-- MATERIAL FOR THIS EXERCISE follows --

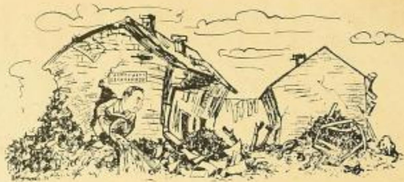
„In der Arbeiterstadt Nr. 1 . . .“ (Woch. „Pravda“ vom 16.3.1934)

Sammel-Bestellung Die Unterzeichneten bestellen bei der Buchhandlung
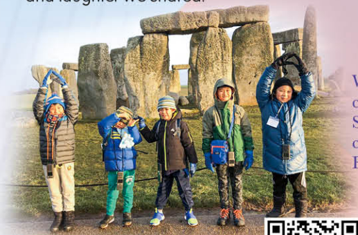
We visited the British cultural icon – Amesbury Stonehenge which was constructed from 3000 BC to 2000 BC.
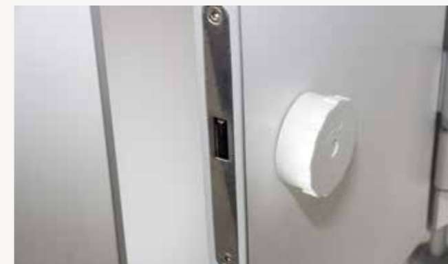
Nylon-Drehknopf mit KA Riegelschloss
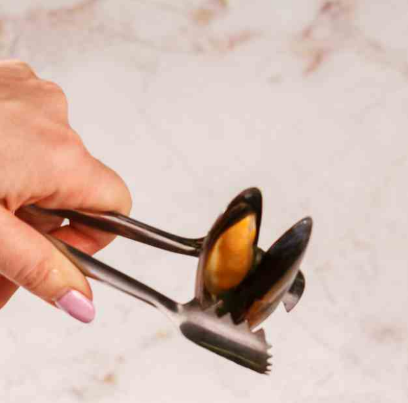
Scoici Roquefort - 750g / 55 lei midii, vin alb, roșii cherry, unt, brânză rochefort, pâine prăjită cu unt aromat
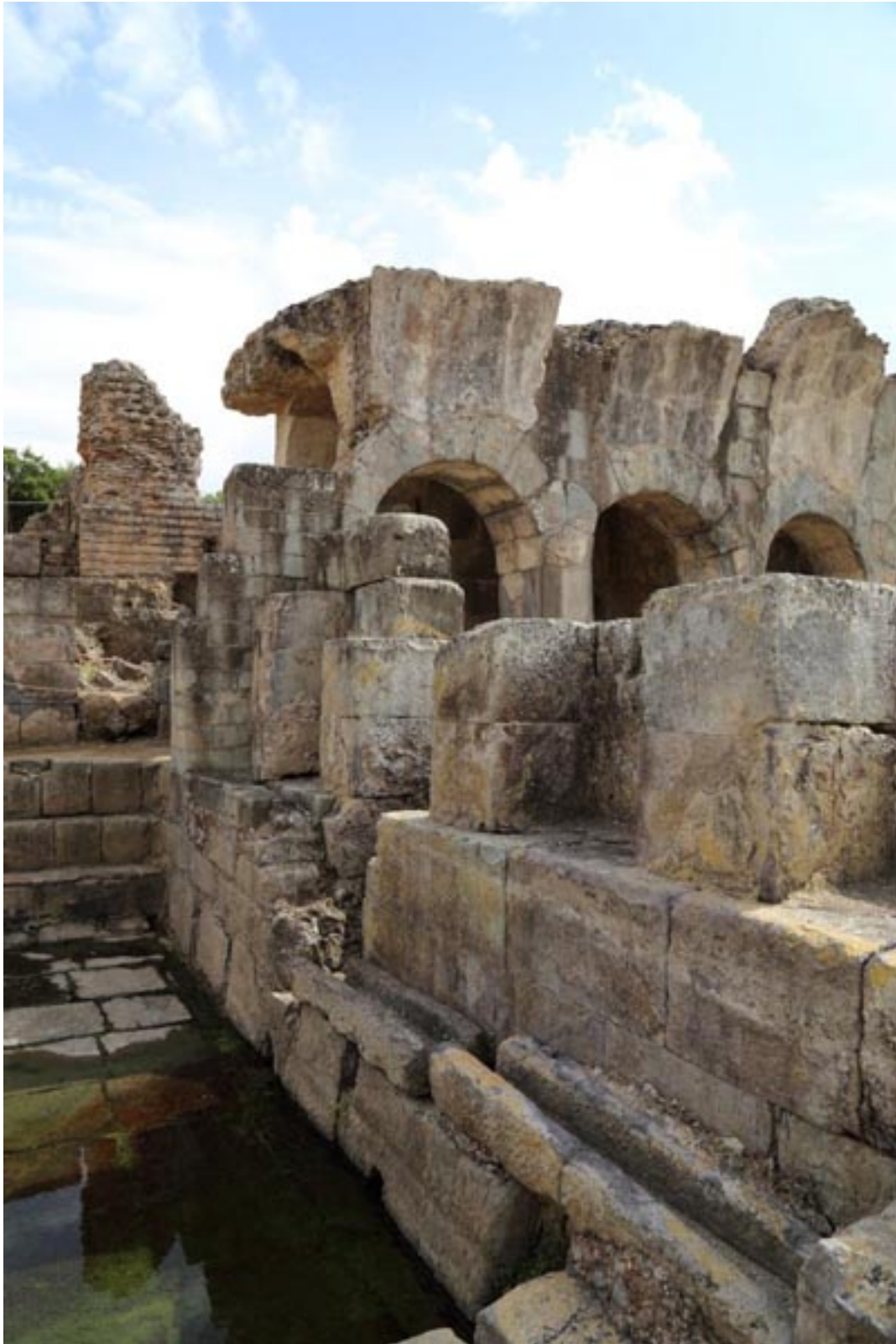
Fig. 5 - El Ninfeo al lado de la natatio.
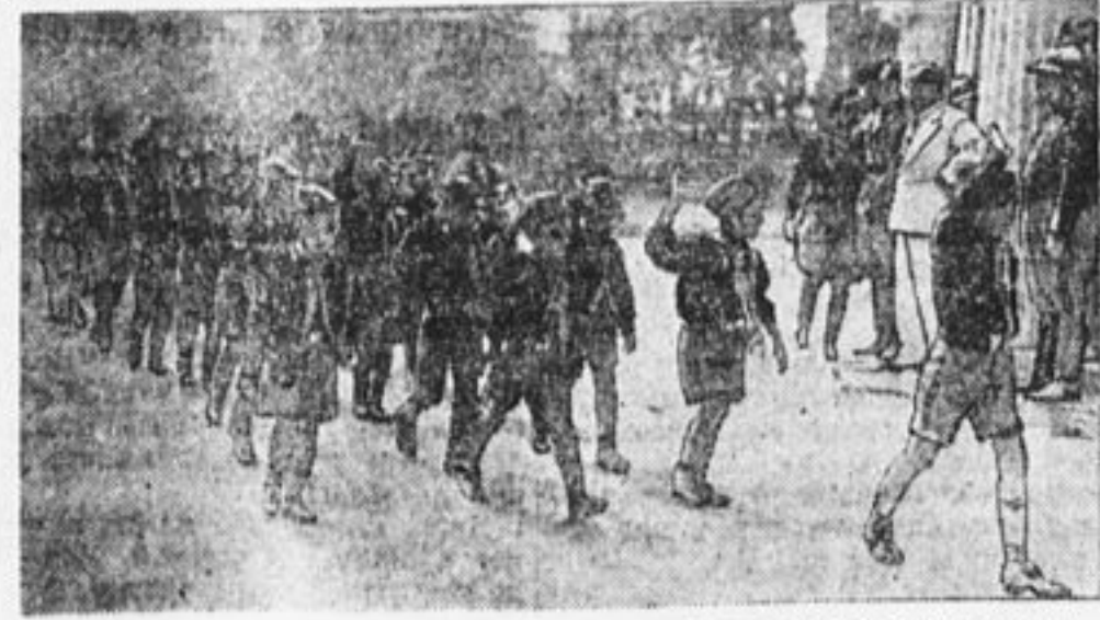
Муссолини принимает парад фашистской детской организации «Балила».

После речи представителя короля раздался лай: «Гау, гау, гау». Словом, оказалось, что скауты членораздельно говорят ле умеют. Да это им и не нужно. Не для этого готовят их капиталисты. Когда английские комсомольцы пытались распространить среди скаутов коммунистические листовки, немедленно же псы капиталистов окружили комсомольцев, на место действия явились полицейские и потащили комсомольцев в участок. «200 рублей штрафа»—был приговор судьи. Щенят хорошо охраняют. Английских комсомольцев арестовывают, но полиция благо-
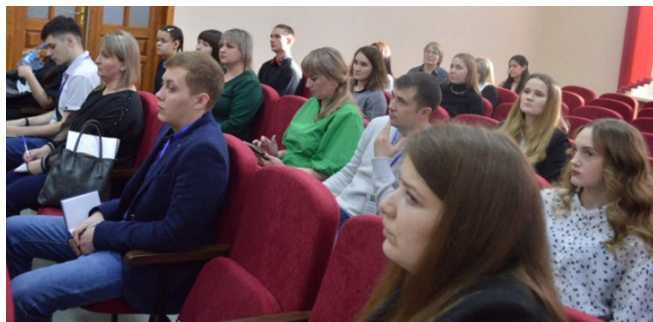
Тулунский район. Члены молодежного клуба «Наше время» — участники семинара по социальному проектированию

Проект расширяет коммуникации взрослых молодых людей, помогает им организовать свою жизнедеятельность с максимальной пользой для себя, для своей семьи и для общества. В проекте предусмотрен комплекс мероприятий, направленный на решение обозначенной задачи.
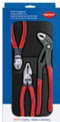
00 20 10
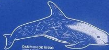
DAUPHIN DE RISSO Stenella risso 2,10 mètre 8 à 100 kg
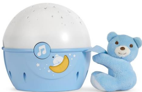
First dream next 2 stars €32,90
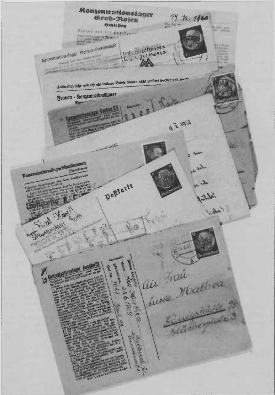
Abb. 2: Briefe auf KZ-Vordrucken mit einer Karte aus dem Ghetto Litzmannstadt, August 1941 bis Juli 1944
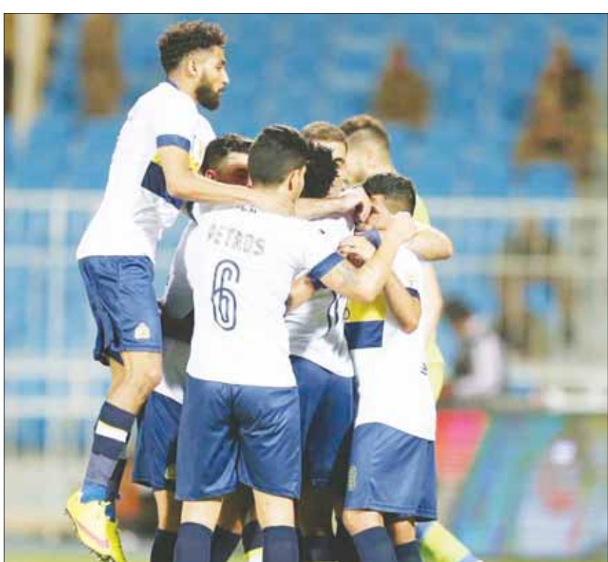
فرحة نصرارية بعد أحد الأهداف في مرمى الفتح (رابطة دوري المحترفين)

وفي بريدة، يبحث الرائد عن تأمين موقفه على سلم الترتيب بوقف الأرجنتيني خوان براون منذ توليه الإدارية الفنية أخيراً، حيث تعرض لخسارتين على التوالي من النصر والحزم توقف معها رصيده النقطة عند 31 لكنه حافظ على مركزه العاشر، ويدرك أصحاب الأرض والجمهور أن فريق أحد سيدخل دون ضغوط بعدما تأكد هبوطه في الجولة الأخيرة.
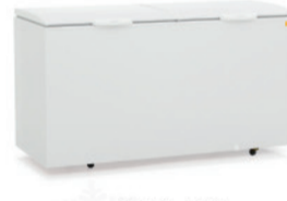
GHBA - 510
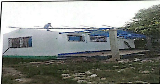
REPARACION DE ESTRUCTURA DE MADERA POR METAL
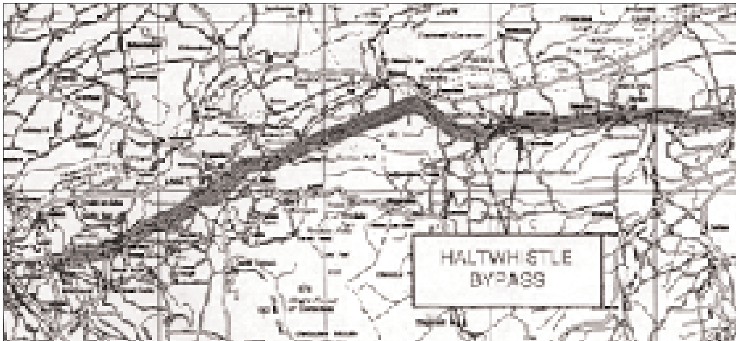
▲ Planimetria generale della A69.

Per quanto riguarda l'operatività dell'autostrada A69 a tutt'oggi si è verificato un solo incidente mortale e la Highway Agency (Ente del ministero dei Trasporti che sovrintende al controllo della costruzione e gestione delle autostrade) ha espresso per iscritto i suoi compli-
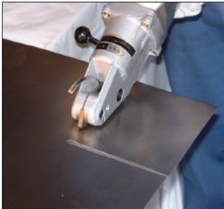
平板の角取り切断

保持部はゴム素材により握りやすく使いやすい 切断速度が速く薄板の直線切断に最適です 切断面がキレイで歪み・よじれがほとんど出ない 切断チップの切落しが出来るので安全で効率よく 作業が可能です 板厚 1mm以下の切断に適した別途注文品の 薄板用動刃があります ラスシート切断用の刃物として別途注文品の 動刃・チップガイドがあります 便利な蓄電池の残量表示付き 蓄電池はスライド式リチウムイオンバッテリーの 採用により安全 更にパワー・作業量ともにアップ (当社比)
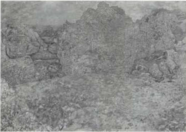
Gálgahraun, 1961, olía á striga, 105 x 152 cm, einkaeign

ir okkur heillandi hugmynd sína um tilurð hraunsins sem bylgjast áfram í mannsmynd og nær með undraverðum árangri að sýna hreyfingu í kyrrstöðu. Kjarval setti einnig fram hugmyndir um endurvarp hljóðs í hrauninu: Hugsid ykkur hraungig sem straumurinn rennur frá í margar áttir. Hann er fyrst og fremst útvarpsstöð. Hraunstraumarnir storkna, og taka á móti áhrifum allsstaðar að í þúsundir ára. Svo endurvarpa þeir. Ég hef heyrt margskonar hljóð úti í hrauni. Öll náttúran er eitt spilverk, allsaman músik. Maður er svo móttækilegur fyrir músik úti í hrauni. 24
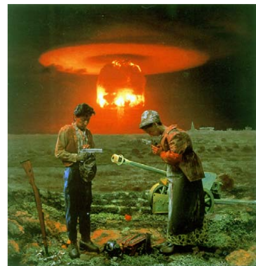
森村泰昌 <Brothers (Late Autumn Prayer)> 1991
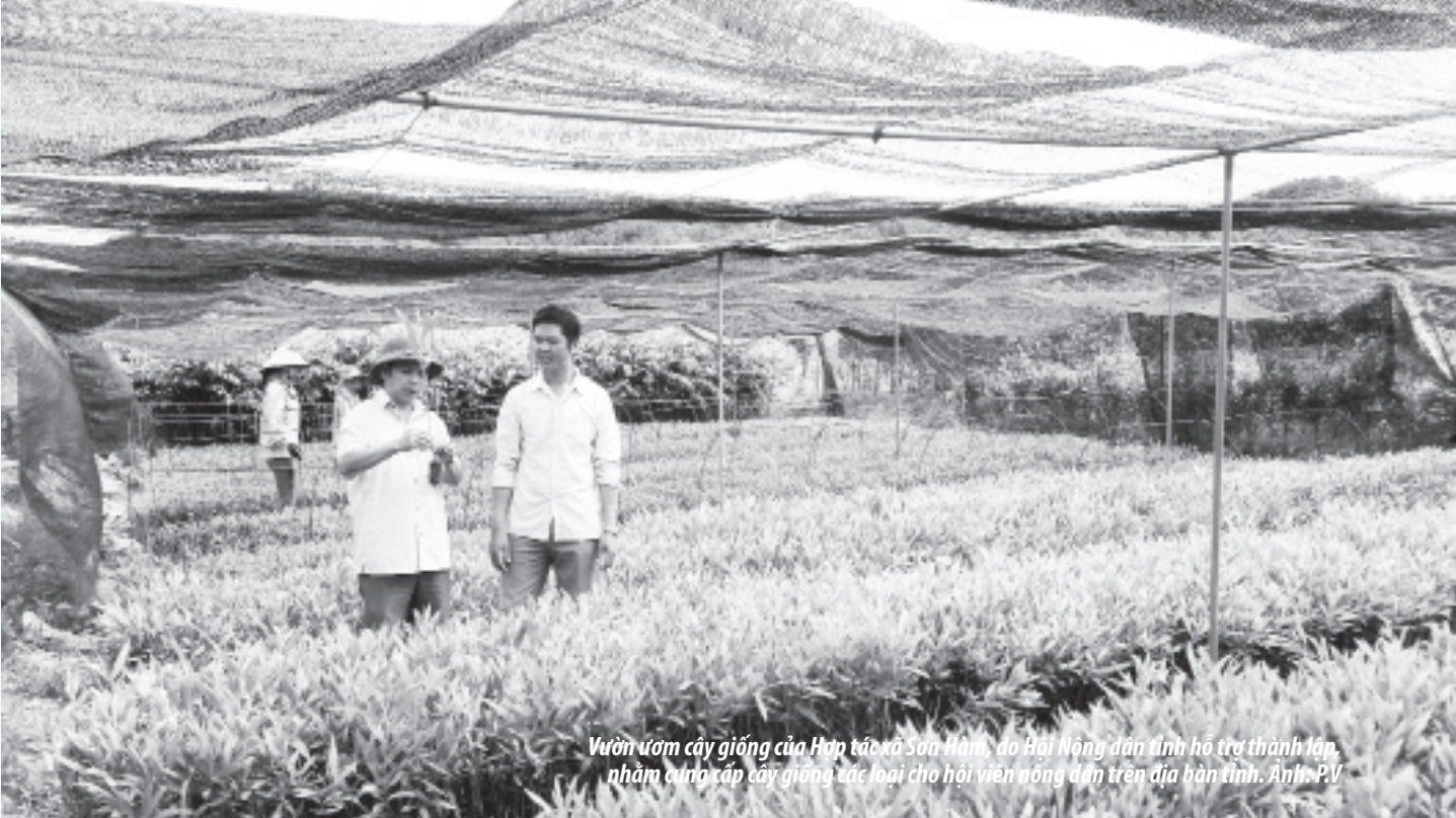
Vườn ươm cây giống của Hợp tác xã Sơn Nam, do Hội Nông dân tỉnh hỗ trợ thành lập, nhằm cung cấp cây giống các loại cho hội viên nông dân trên địa bàn tỉnh.

KỶ NIỆM 89 NĂM NGÀY THÀNH LẬP HỘI NÔNG DÂN VIỆT NAM (14/10/1930-14/10/2019)
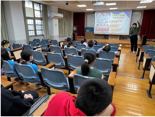
介紹二手菸及三手菸

-- MATERIAL FOR THIS EXERCISE concluded --

◆ **TASK DETAILS**
Write back word for word every line in the entries above from the one with "Scoici Roquefort - 750g" to the one with "Муссолини принимает парад", ends included, and none of the pictures.

◆ **ANSWER FOR THE TASK**
Scoici Roquefort - 750g / 55 lei midii, vin alb, roșii cherry, unt, brânză rochefort, pâine prăjită cu unt aromat
Fig. 5 - El Ninfeo al lado de la natatio.
Муссолини принимает парад фашистской детской организации «Балила».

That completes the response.